Segment Start: Provided material
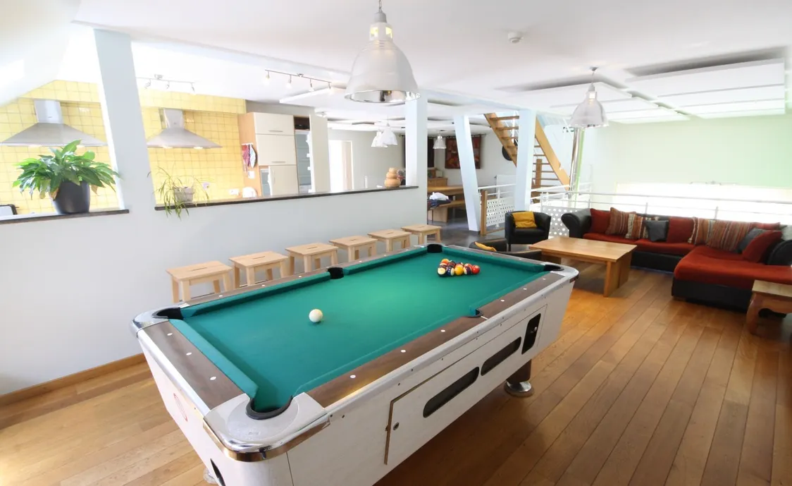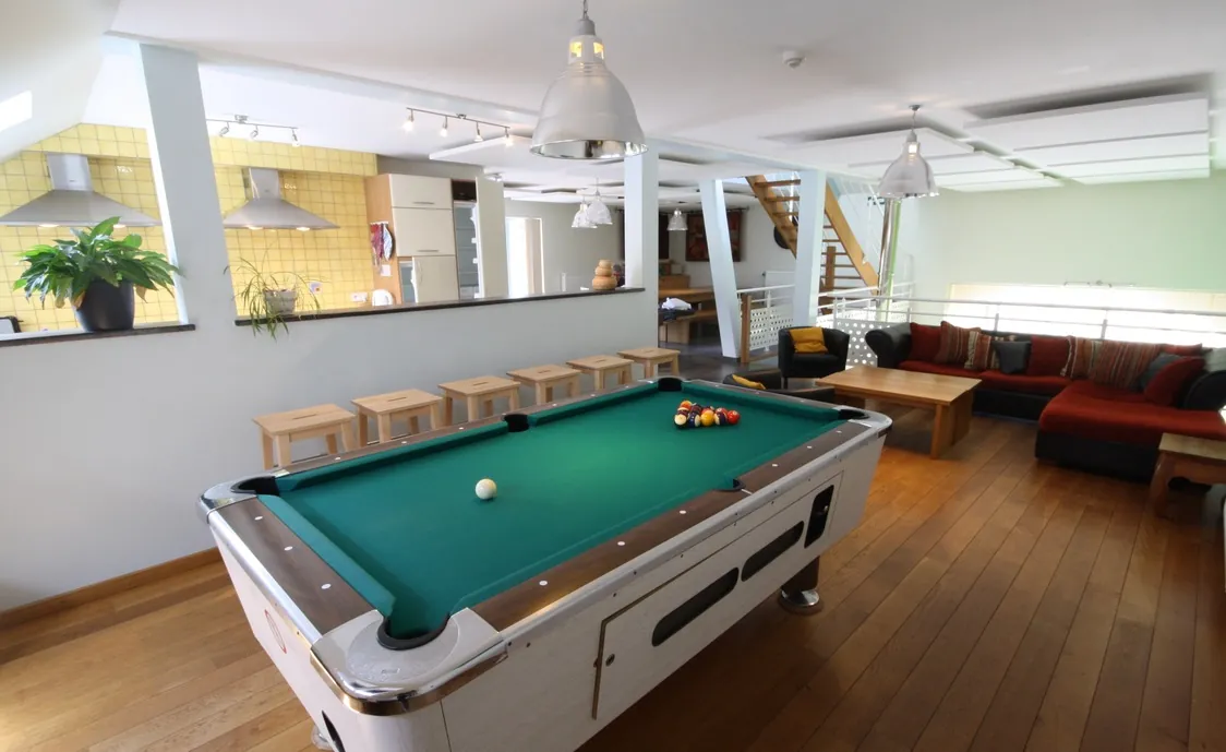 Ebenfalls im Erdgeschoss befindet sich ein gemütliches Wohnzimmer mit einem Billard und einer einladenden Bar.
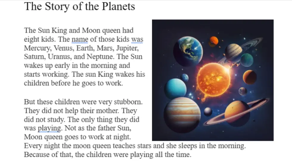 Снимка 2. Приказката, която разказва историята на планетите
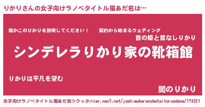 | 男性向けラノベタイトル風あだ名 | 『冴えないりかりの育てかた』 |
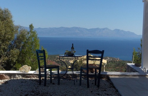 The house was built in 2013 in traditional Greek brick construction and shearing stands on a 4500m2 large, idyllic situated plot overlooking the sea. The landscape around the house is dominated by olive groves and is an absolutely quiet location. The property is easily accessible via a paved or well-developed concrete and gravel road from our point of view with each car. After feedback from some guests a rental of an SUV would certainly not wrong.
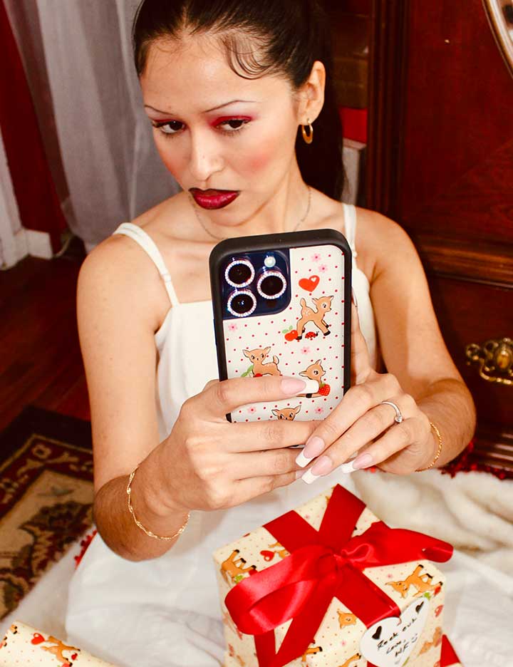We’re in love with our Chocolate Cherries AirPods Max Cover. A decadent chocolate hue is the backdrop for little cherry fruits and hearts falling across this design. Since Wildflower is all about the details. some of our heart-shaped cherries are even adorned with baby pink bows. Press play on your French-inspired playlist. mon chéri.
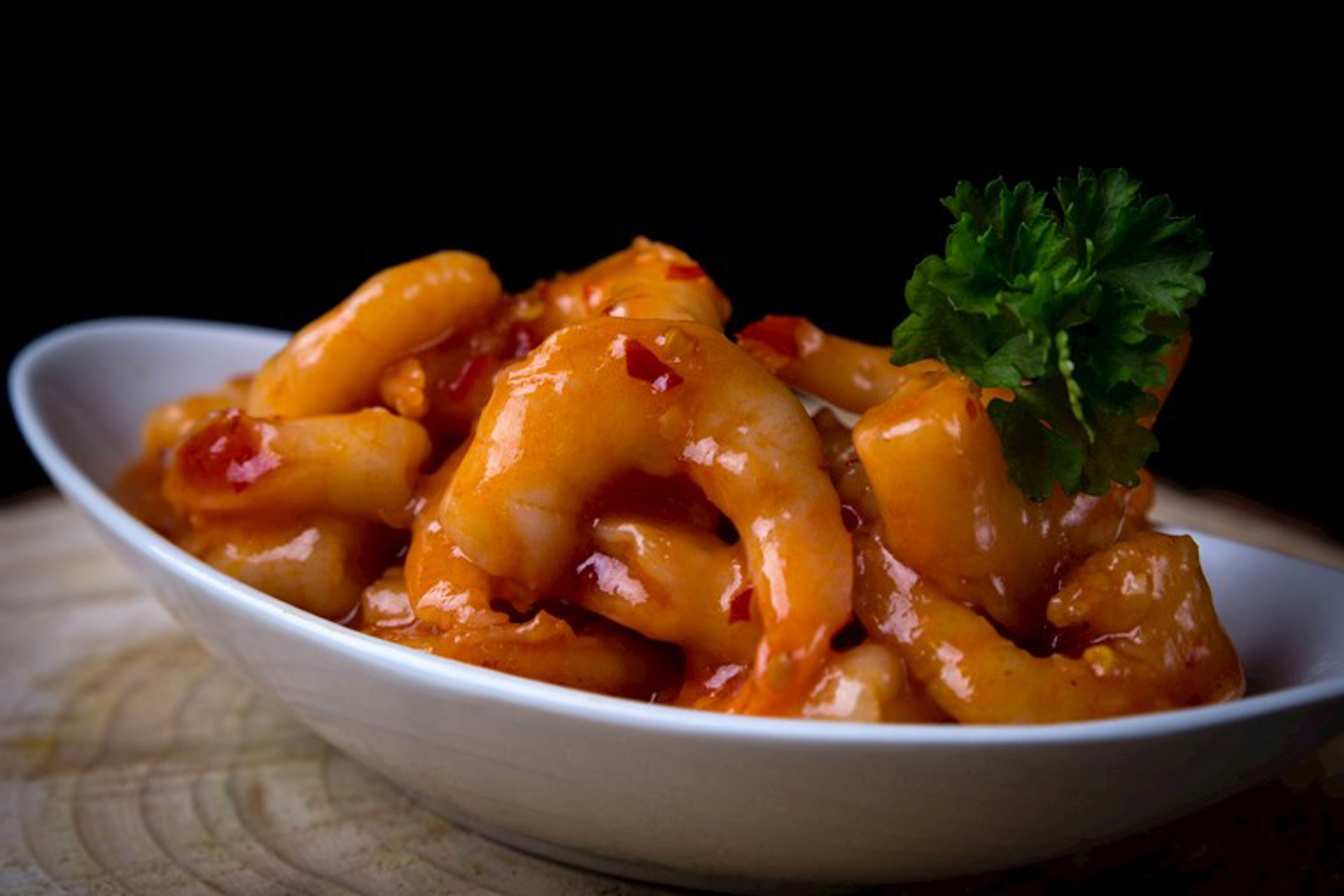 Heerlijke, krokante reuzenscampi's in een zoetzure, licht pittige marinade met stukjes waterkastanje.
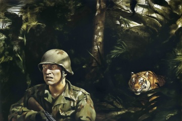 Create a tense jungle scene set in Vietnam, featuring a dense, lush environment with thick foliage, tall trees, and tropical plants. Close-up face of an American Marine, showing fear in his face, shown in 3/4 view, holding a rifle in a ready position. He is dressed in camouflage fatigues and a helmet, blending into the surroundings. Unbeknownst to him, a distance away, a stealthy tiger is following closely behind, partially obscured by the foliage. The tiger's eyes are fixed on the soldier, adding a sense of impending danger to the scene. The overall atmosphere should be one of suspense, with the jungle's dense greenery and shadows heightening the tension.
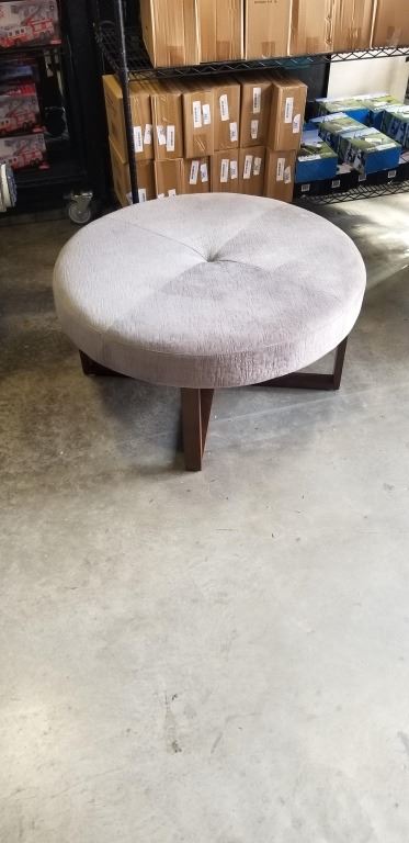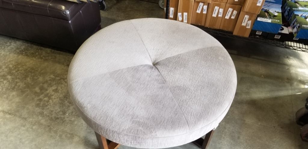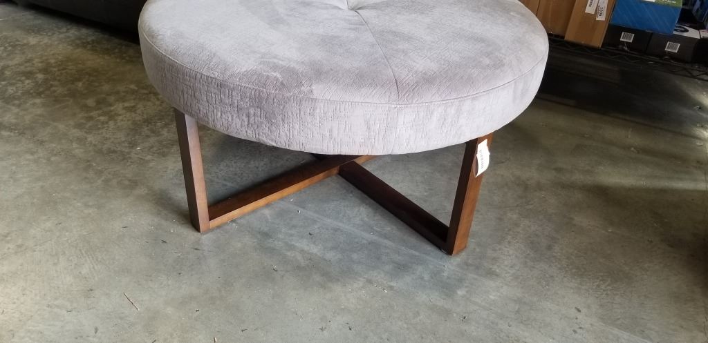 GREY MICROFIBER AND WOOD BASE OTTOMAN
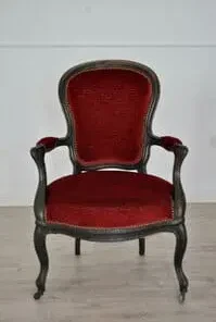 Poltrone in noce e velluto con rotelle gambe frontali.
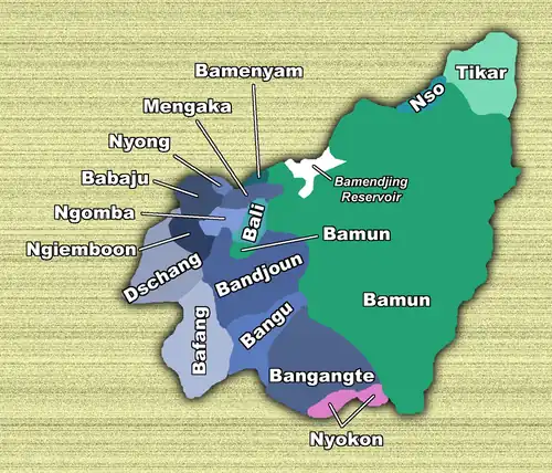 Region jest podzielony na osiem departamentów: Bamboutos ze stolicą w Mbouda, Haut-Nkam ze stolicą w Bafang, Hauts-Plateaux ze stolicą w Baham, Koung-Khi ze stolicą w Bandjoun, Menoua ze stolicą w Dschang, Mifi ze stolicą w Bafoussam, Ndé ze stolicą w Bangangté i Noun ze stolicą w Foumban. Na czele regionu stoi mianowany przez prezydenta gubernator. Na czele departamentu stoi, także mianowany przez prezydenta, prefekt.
Segment End: Provided material
-- Task statement --
Go down the entries above from the line containing "男性向けラノベタイトル風あだ名 | 『冴えないりかりの育てかた』 |" to the line containing "Heerlijke, krokante reuzenscampi's" and write out each line exactly, leaving pictures out.

-- Result of the task --
 | 男性向けラノベタイトル風あだ名 | 『冴えないりかりの育てかた』 |
 The house was built in 2013 in traditional Greek brick construction and shearing stands on a 4500m2 large, idyllic situated plot overlooking the sea. The landscape around the house is dominated by olive groves and is an absolutely quiet location. The property is easily accessible via a paved or well-developed concrete and gravel road from our point of view with each car. After feedback from some guests a rental of an SUV would certainly not wrong.
We’re in love with our Chocolate Cherries AirPods Max Cover. A decadent chocolate hue is the backdrop for little cherry fruits and hearts falling across this design. Since Wildflower is all about the details. some of our heart-shaped cherries are even adorned with baby pink bows. Press play on your French-inspired playlist. mon chéri.
 Heerlijke, krokante reuzenscampi's in een zoetzure, licht pittige marinade met stukjes waterkastanje.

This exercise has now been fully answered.